● **WHAT TO DO**:
Please reproduce the listing below exactly, leaving out every picture.

● **SOURCE DATA**:
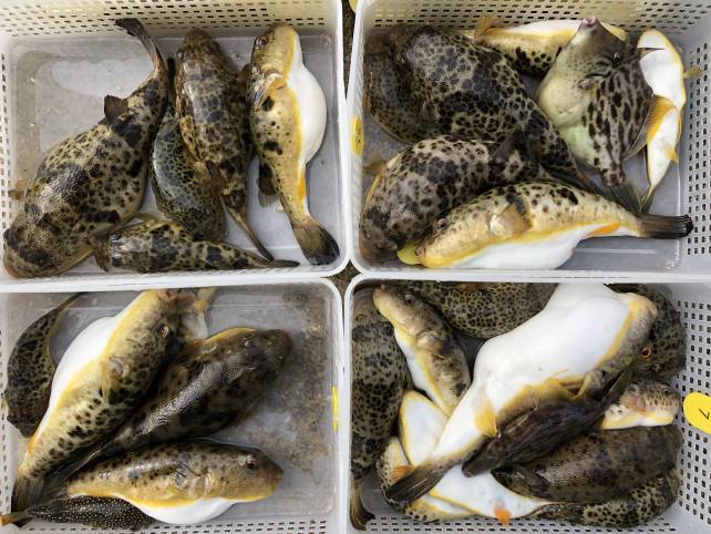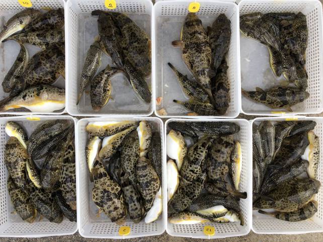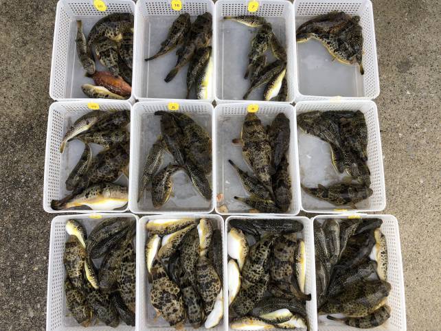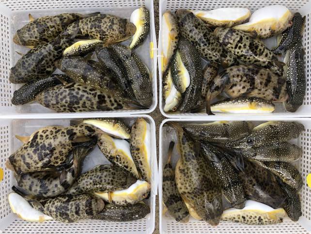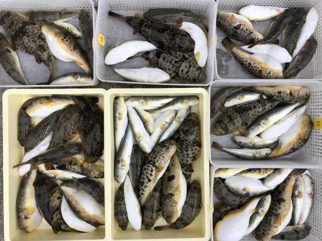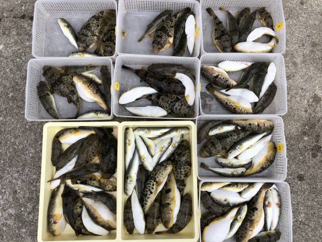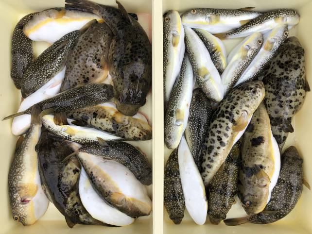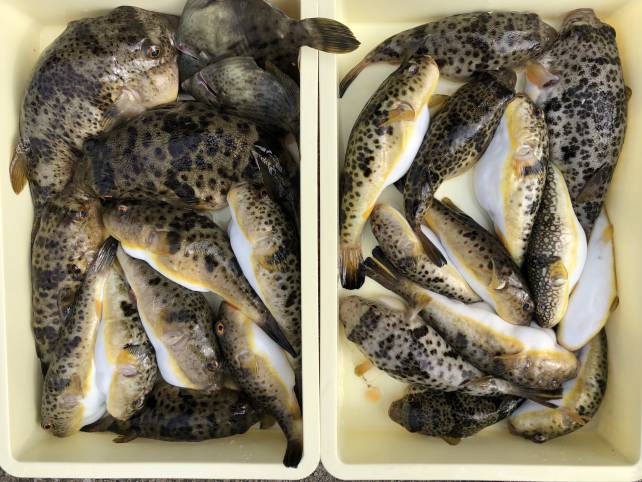 ジャンボサイズも混じりヒガンフグ中心でボリューム満点
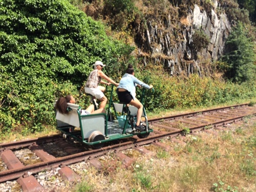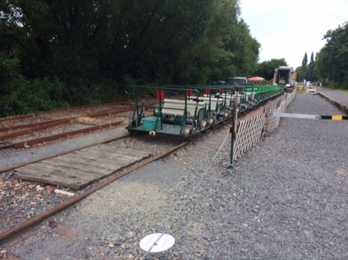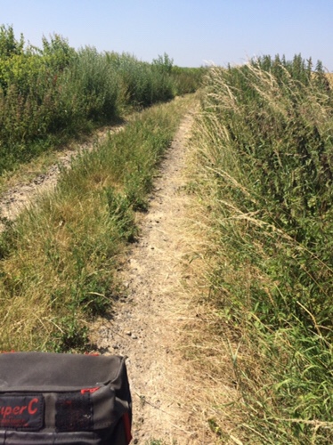 11:40 Uhr – Auf der sehr holprigen Bahntrasse, einfach zu viele Steine, mit dem Mountainbike sicher super.
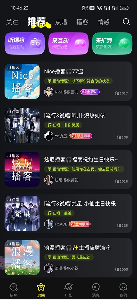 鱼耳语音,鱼耳App是一款融合声音社交、虚拟陪伴与趣味互动功能的语音交友平台。它以声音作为连接媒介,搭建起多元互动场景:从情感电台的暖心陪伴到live点歌的即时互动,从虚拟CP的专属联结到海龟汤推理的烧脑趣味,为Z世代打造了一个专属的声音王国。平台汇聚了拥有各类特色声线的主播,能满足声音爱好者的不同偏好;用户可全天24小时随时登录,参与语音畅聊、线上交友、情绪倾诉或游戏互动。其中,虚拟CP系统支持角色定制与语音互动,为用户带来沉浸式的陪伴体验;而备受欢迎的“海龟汤”推理玩法,则能有效打破社交壁垒,让交流过程更具趣味性。
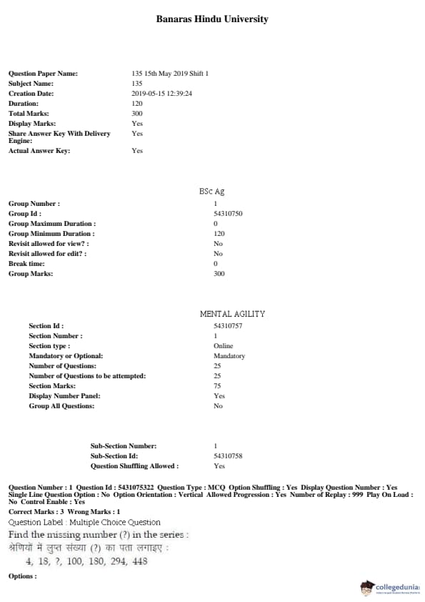 BHU UET 2019 B.Sc (AG.) Question paper with answer key pdf conducted on May 15, 2019 in Shift 1 is available for download. The exam was successfully organized by Banaras Hindu University (BHU). The question paper comprised a total of 200 questions.
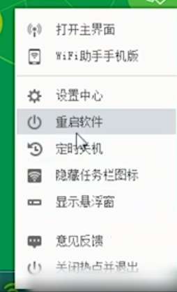 第一种:点击360免费WiFi在桌面右下角的图标,上拉中选择“重启软件”,重新启动WiFi。
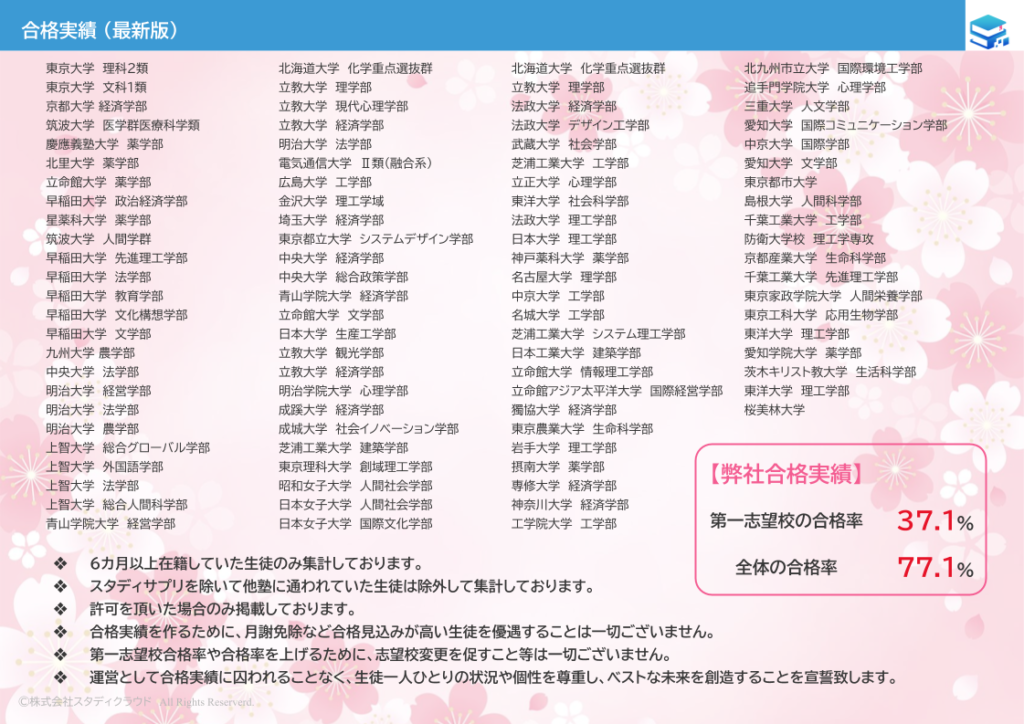 第一志望校合格率は全国平均の3.7倍と、業界トップクラスの実績です。

● **ANSWER TO THIS TASK**:
 ジャンボサイズも混じりヒガンフグ中心でボリューム満点
 11:40 Uhr – Auf der sehr holprigen Bahntrasse, einfach zu viele Steine, mit dem Mountainbike sicher super.
 鱼耳语音,鱼耳App是一款融合声音社交、虚拟陪伴与趣味互动功能的语音交友平台。它以声音作为连接媒介,搭建起多元互动场景:从情感电台的暖心陪伴到live点歌的即时互动,从虚拟CP的专属联结到海龟汤推理的烧脑趣味,为Z世代打造了一个专属的声音王国。平台汇聚了拥有各类特色声线的主播,能满足声音爱好者的不同偏好;用户可全天24小时随时登录,参与语音畅聊、线上交友、情绪倾诉或游戏互动。其中,虚拟CP系统支持角色定制与语音互动,为用户带来沉浸式的陪伴体验;而备受欢迎的“海龟汤”推理玩法,则能有效打破社交壁垒,让交流过程更具趣味性。
 BHU UET 2019 B.Sc (AG.) Question paper with answer key pdf conducted on May 15, 2019 in Shift 1 is available for download. The exam was successfully organized by Banaras Hindu University (BHU). The question paper comprised a total of 200 questions.
 第一种:点击360免费WiFi在桌面右下角的图标,上拉中选择“重启软件”,重新启动WiFi。
 第一志望校合格率は全国平均の3.7倍と、業界トップクラスの実績です。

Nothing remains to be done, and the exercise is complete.